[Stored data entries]
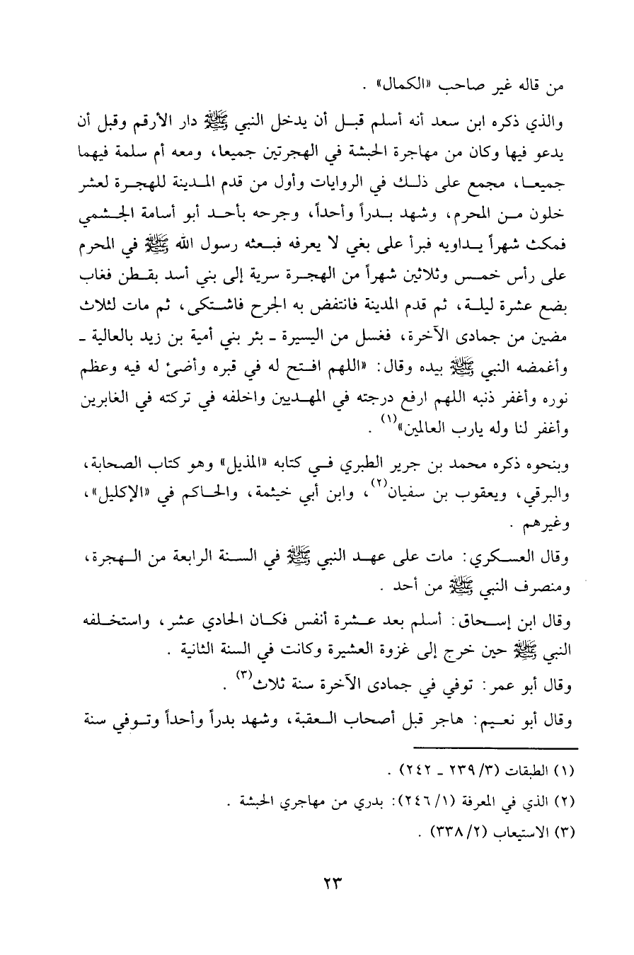 وقال ابن إسحاق: أسلم بعد عشرة أنفس فكان الحادي عشر، واستخلفه النبي - صلى الله عليه وسلم - حين خرج إلى غزوة العشيرة وكانت في السنة الثانية.
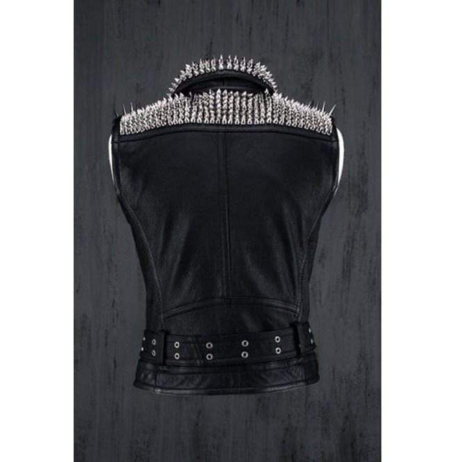 Handmade Men's Fashion Black Leather Silver Studded Zipper Jacket
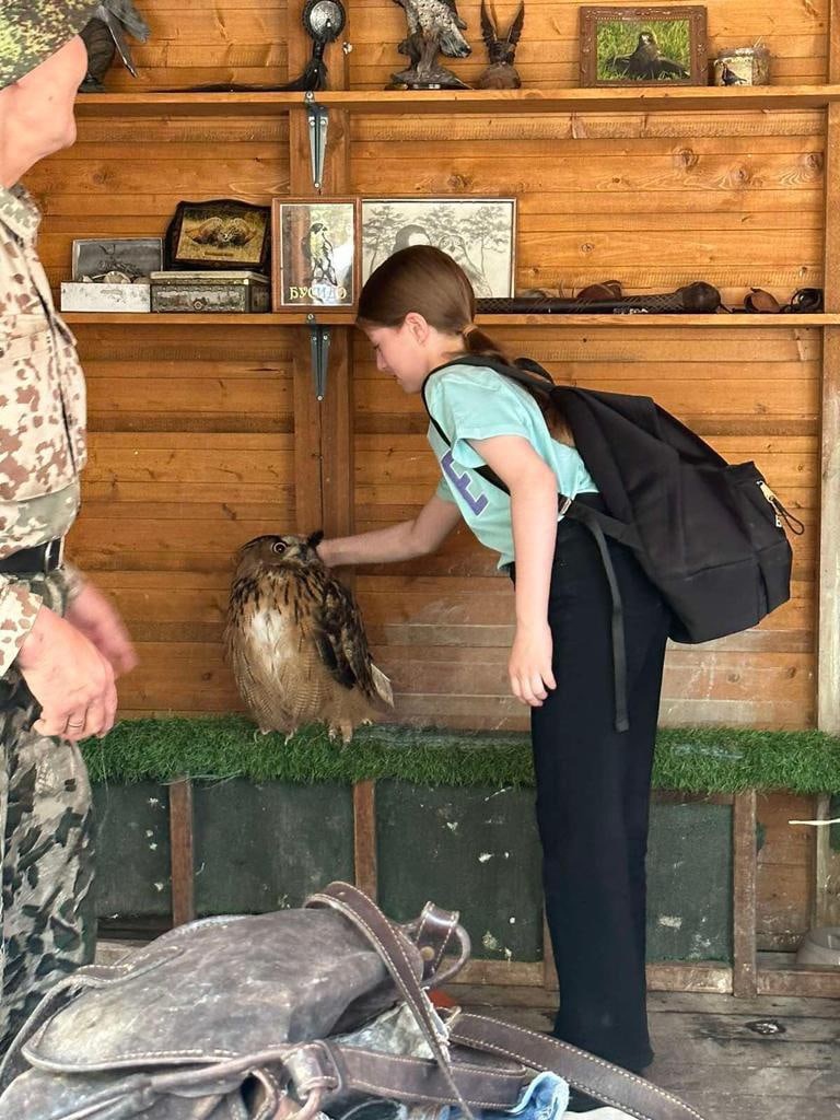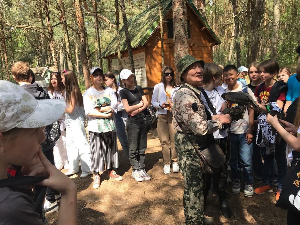 Школьникам показали, как происходит работа с этими птицами, а также рассказали об их особенностях, привычках, методах и проблемах разведения. Ученики смогли увидеть Соколиное шоу и узнали подробности взращивания птенцов филинов.
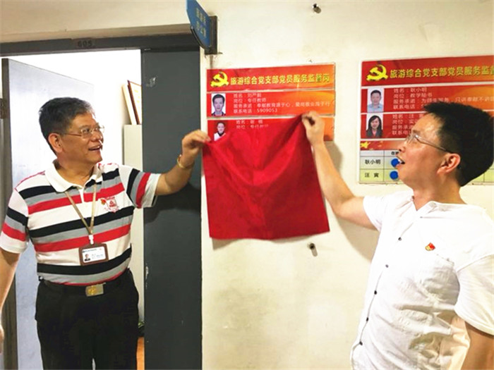 随后,校党委副书记、纪委书记易化和黄邦恩共同为旅游系党总支党员服务监督岗举行了揭牌仪式。
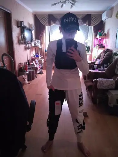 Pants made of dense fabric, look like in the photo in the description. In combination with multi-colored sneakers, you can scare passers-by)
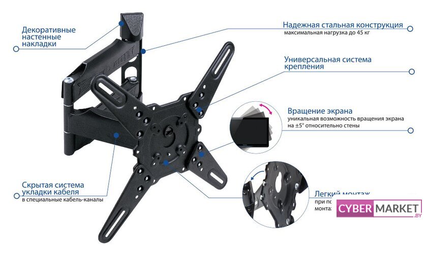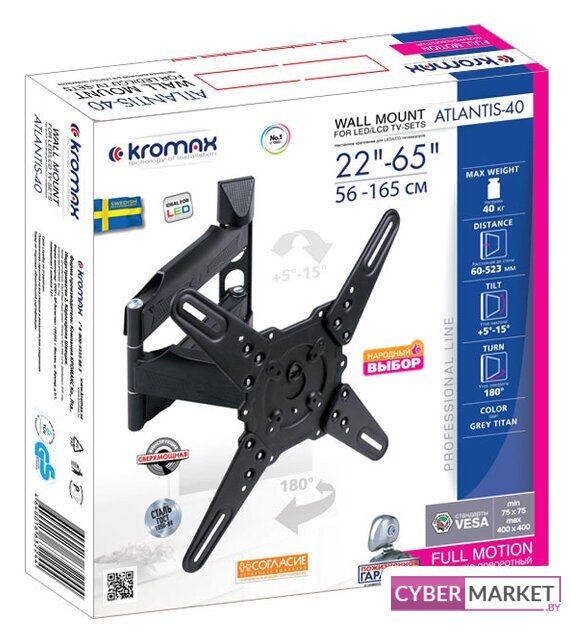 для ЖК-телевизоров, 32-55", настенный, поворотный, наклон 30°, поворот 180°, цвет черный
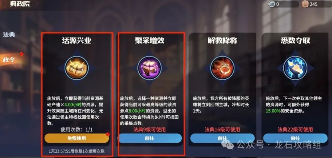 5. 政令内政官中的典政院可颁布政令获得资源,里面包括铜矿,前期主要的政令点数还是给活源兴业以及聚采增效
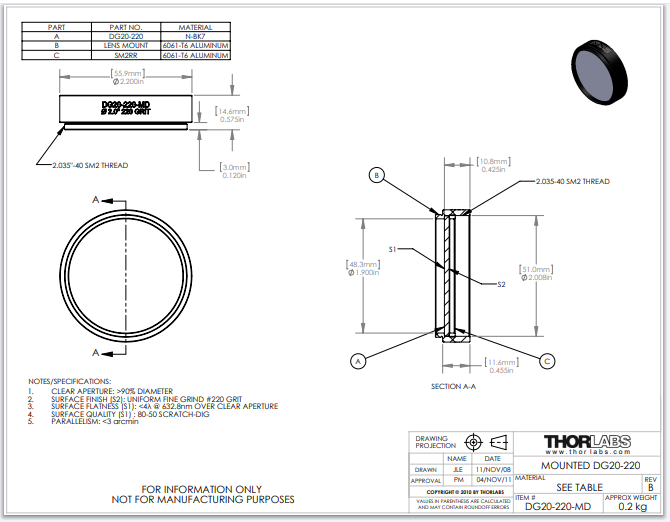Thorlabs索雷博     DG20-220-MD - SM2螺纹安装,N-BK7磨砂玻璃散射片
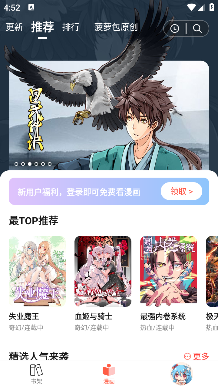 1、在软件首页,可浏览推荐漫画,通过【更新】【排行】等功能找内容,点击右下角个人图标进入个人页面。
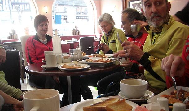 Inside everything had also been madeover in the same style. Except for mine host! The shapeless jeans, the vague grasp of the English language was reassuring and the availability of a ‘special all day breakfast with tea or coffee’ for £4.95 (less than a sausage roll and a drink the previous week at Chartwell) revived our spirits. And I didn’t mention the extra rounds of buttered toast. Or indeed that Des had joined us there.
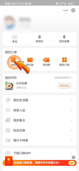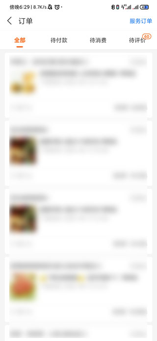 4、进入订单页面后,即可查看支付宝口碑的全部订单。

Exercise brief: Copy out all the data without changing anything, and drop the pictures.

Written solution:
 وقال ابن إسحاق: أسلم بعد عشرة أنفس فكان الحادي عشر، واستخلفه النبي - صلى الله عليه وسلم - حين خرج إلى غزوة العشيرة وكانت في السنة الثانية.
 Handmade Men's Fashion Black Leather Silver Studded Zipper Jacket
 Школьникам показали, как происходит работа с этими птицами, а также рассказали об их особенностях, привычках, методах и проблемах разведения. Ученики смогли увидеть Соколиное шоу и узнали подробности взращивания птенцов филинов.
 随后,校党委副书记、纪委书记易化和黄邦恩共同为旅游系党总支党员服务监督岗举行了揭牌仪式。
 Pants made of dense fabric, look like in the photo in the description. In combination with multi-colored sneakers, you can scare passers-by)
 для ЖК-телевизоров, 32-55", настенный, поворотный, наклон 30°, поворот 180°, цвет черный
 5. 政令内政官中的典政院可颁布政令获得资源,里面包括铜矿,前期主要的政令点数还是给活源兴业以及聚采增效
Thorlabs索雷博     DG20-220-MD - SM2螺纹安装,N-BK7磨砂玻璃散射片
 1、在软件首页,可浏览推荐漫画,通过【更新】【排行】等功能找内容,点击右下角个人图标进入个人页面。
 Inside everything had also been madeover in the same style. Except for mine host! The shapeless jeans, the vague grasp of the English language was reassuring and the availability of a ‘special all day breakfast with tea or coffee’ for £4.95 (less than a sausage roll and a drink the previous week at Chartwell) revived our spirits. And I didn’t mention the extra rounds of buttered toast. Or indeed that Des had joined us there.
 4、进入订单页面后,即可查看支付宝口碑的全部订单。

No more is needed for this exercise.